French oil company TotalEnergies said Thursday that its third-quarter profit soared 43 percent from the same quarter of 2021 to $6.6 billion, benefiting from record gas prices, which have soared since Russia invaded Ukraine.
In the midst of the debate on the super profits of energy companies in the context of the climate crisis, and while the French political class is debating a possible tax, TotalEnergies has already made more profits in nine months than last year: $17.3 billion compared to $16 billion in total last year.
“So much the better”, immediately rejoiced the Minister of Economy Bruno le Maire to the microphone of BFM Business. “We should all be proud to have a major energy company that is French like Total,” the minister said, pointing out that its earnings make it possible to “pay a discount on fuel” to French motorists, and “to increase Total’s salaries.”
The group has announced a 13th month pay rise for all its employees worldwide, and has just signed a wage increase agreement in France with two majority unions after a long strike in its refineries that continues to create fuel shortages in French service stations.
Two of the group’s sites remained on strike on Thursday, on the call of the CGT union.
In a statement sent in advance on Wednesday, the collective 350.orga for its part denounced “new obscene profits” of TotalEnergies “to the detriment of people and the planet”, stressing that the group “responsible for some of the most destructive fossil fuel projects on the planet” continues to “ruthlessly profit from the war in Ukraine”.
– 9.9 billion without Russia –
Oil and gas have largely boosted the group’s profits.
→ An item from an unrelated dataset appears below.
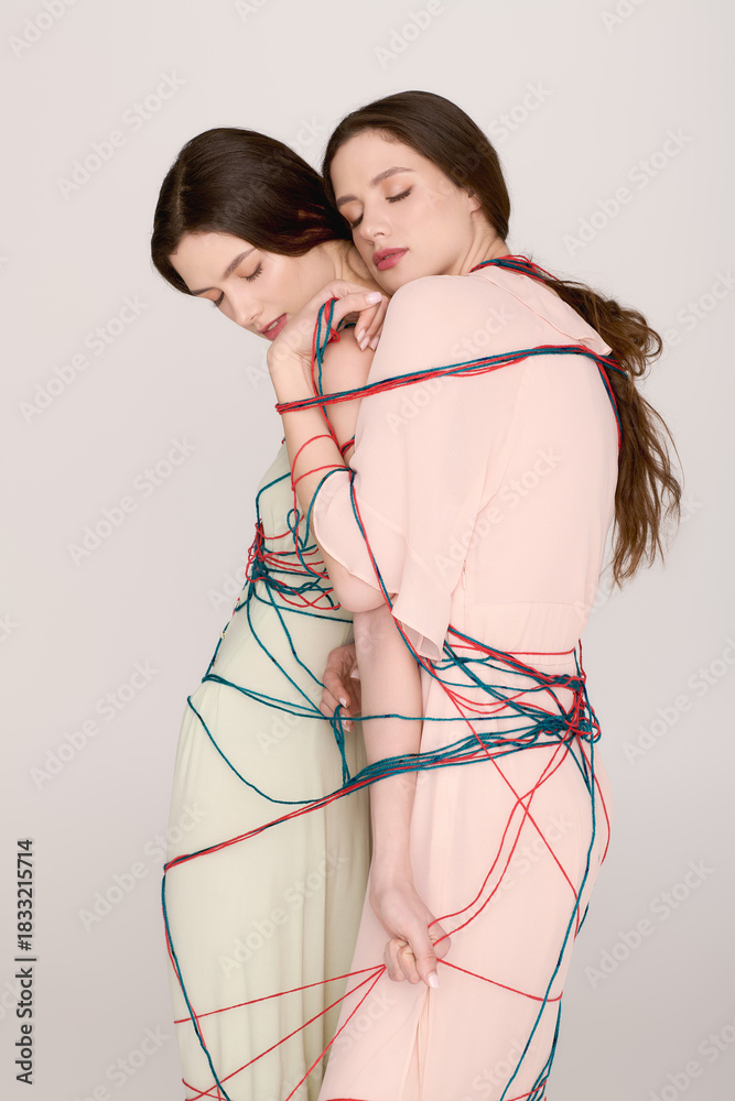Twin sisters elegantly wrapped in colorful threads showcase unique fashion artistry

The average price of liquefied natural gas (LNG), on which TotalEnergies has been betting for several years, soared by 50% compared to the second quarter, as Europe, deprived of Russian gas, sought to fill its reserves for the winter.
The profit was achieved despite a new provision of $3.1 billion related to risks on Russia, after provisions of $7.6 billion in the first two quarters.
“In a context marked by a Brent price averaging $100 per barrel and gas prices exacerbated by Russia’s military aggression against Ukraine, TotalEnergies was able to leverage its integrated model, particularly in liquefied natural gas (LNG), to generate results in line with previous quarters,” commented group CEO Patrick Pouyanné in a statement.
The gas and renewables business achieved a “record” adjusted net operating income of $3.6 billion in the quarter, up $1.1 billion from the second quarter, the statement said.
Although the group’s LNG production was down by 6% in the third quarter year-on-year and its total LNG sales were down by 10% this quarter compared to the previous quarter due to maintenance or shutdowns at various plants, total LNG sales increased by 5% year-on-year “due to increased spot purchases to maximize the use of TotalEnergies’ regasification capacities in Europe”, TotalEnergies said.
For the coming months, the group is counting on support for oil prices, particularly from the decision of OPEC+ countries to reduce production quotas by 2 million barrels per day, and on gas prices “which should remain high, driven by the need to import LNG into Europe to replace Russian gas imports”.
Excluding one-off items including provisions due to Russia, the group’s adjusted net income reached $9.9 billion in the quarter, above the expectations of a Factset consensus of analysts who were expecting $9.6 billion.